Please go line by line and repeat the data below exactly, with no images.

- _Data below_:
--- --- ---
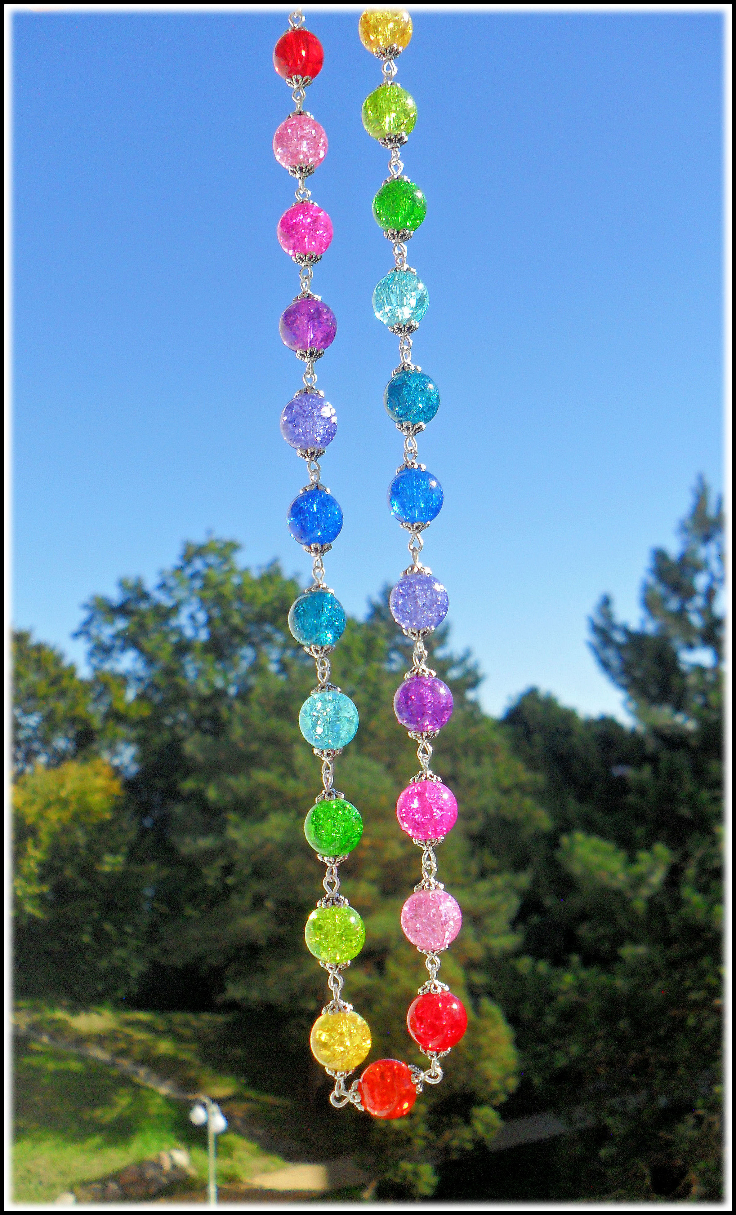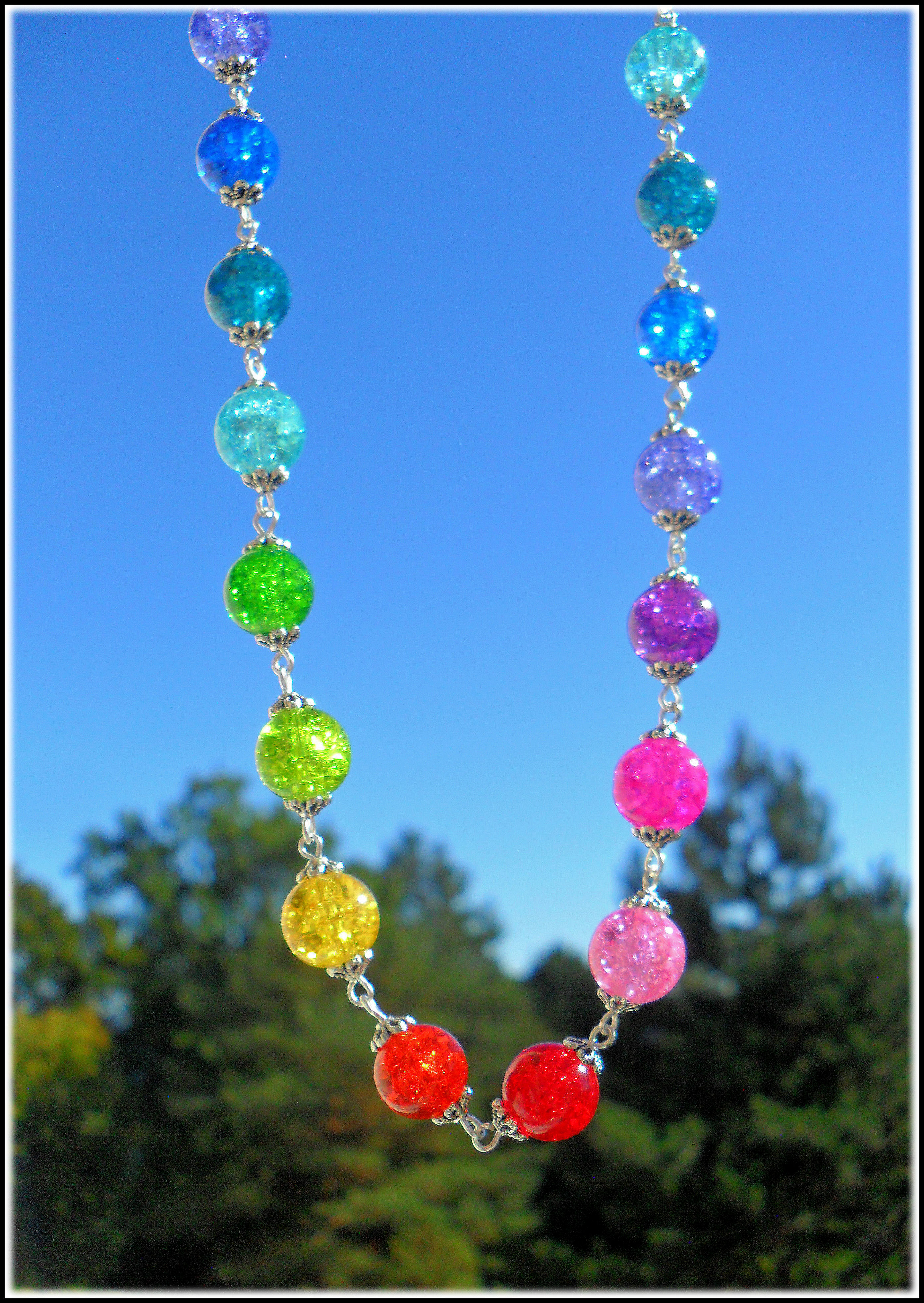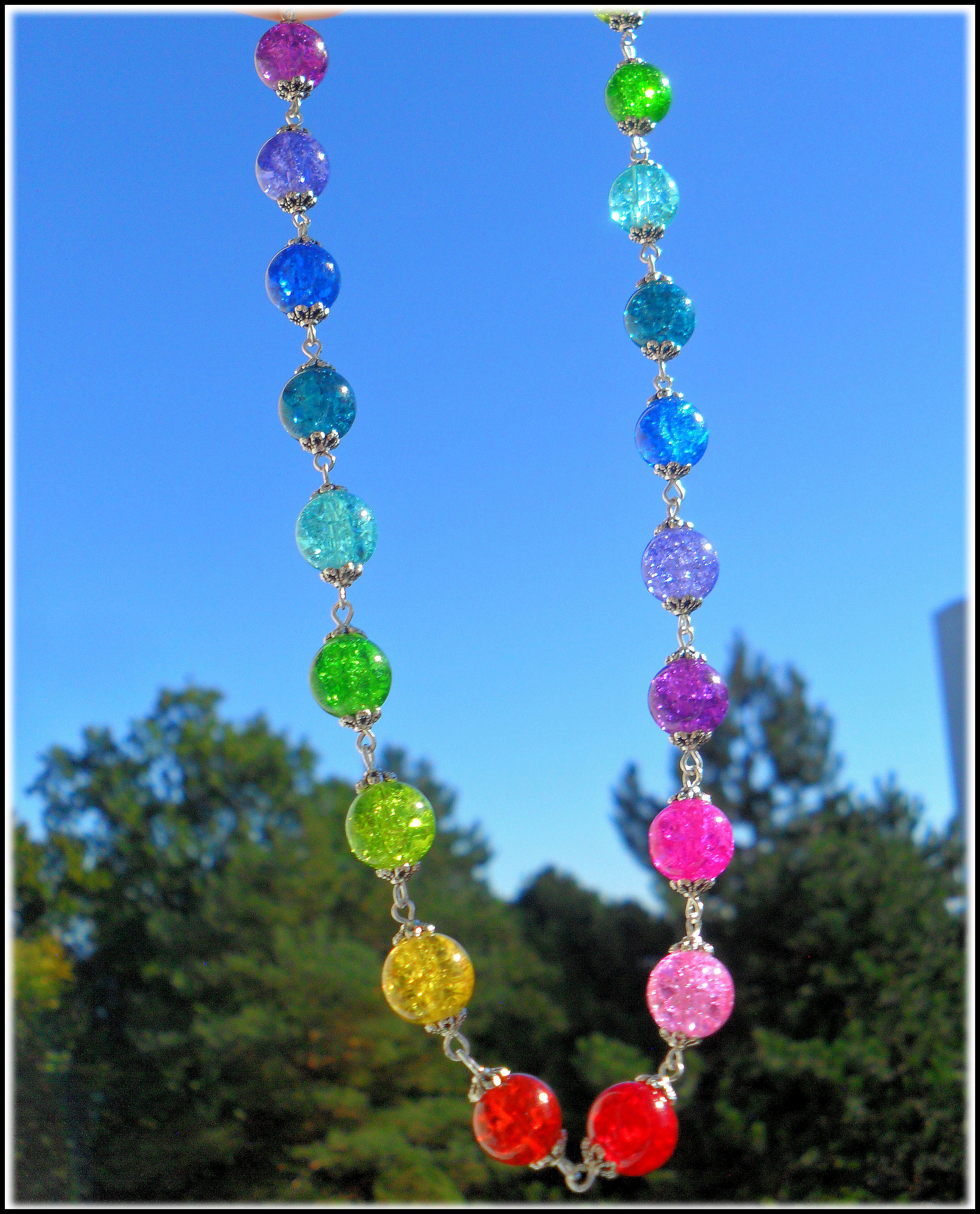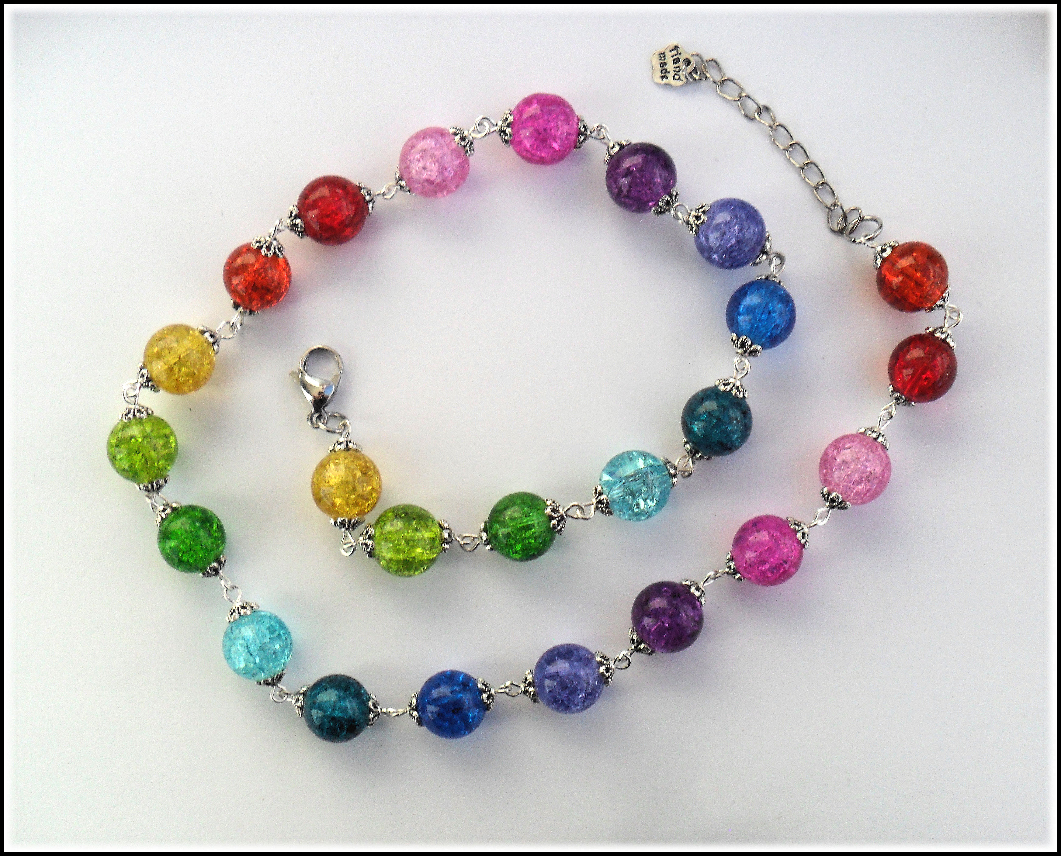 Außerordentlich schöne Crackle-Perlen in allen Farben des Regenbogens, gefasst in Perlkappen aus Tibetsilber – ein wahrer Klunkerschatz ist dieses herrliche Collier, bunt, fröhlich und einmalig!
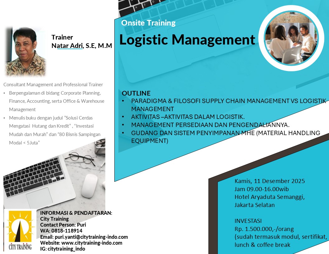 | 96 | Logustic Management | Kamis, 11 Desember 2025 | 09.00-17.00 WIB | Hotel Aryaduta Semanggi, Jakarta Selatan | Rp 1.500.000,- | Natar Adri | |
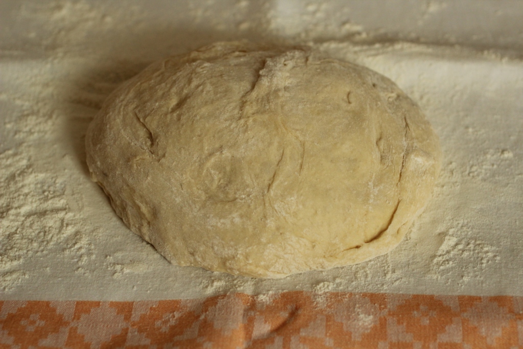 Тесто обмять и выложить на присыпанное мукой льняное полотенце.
--- --- ---
- _Solution_:
 Außerordentlich schöne Crackle-Perlen in allen Farben des Regenbogens, gefasst in Perlkappen aus Tibetsilber – ein wahrer Klunkerschatz ist dieses herrliche Collier, bunt, fröhlich und einmalig!
 | 96 | Logustic Management | Kamis, 11 Desember 2025 | 09.00-17.00 WIB | Hotel Aryaduta Semanggi, Jakarta Selatan | Rp 1.500.000,- | Natar Adri | |
 Тесто обмять и выложить на присыпанное мукой льняное полотенце.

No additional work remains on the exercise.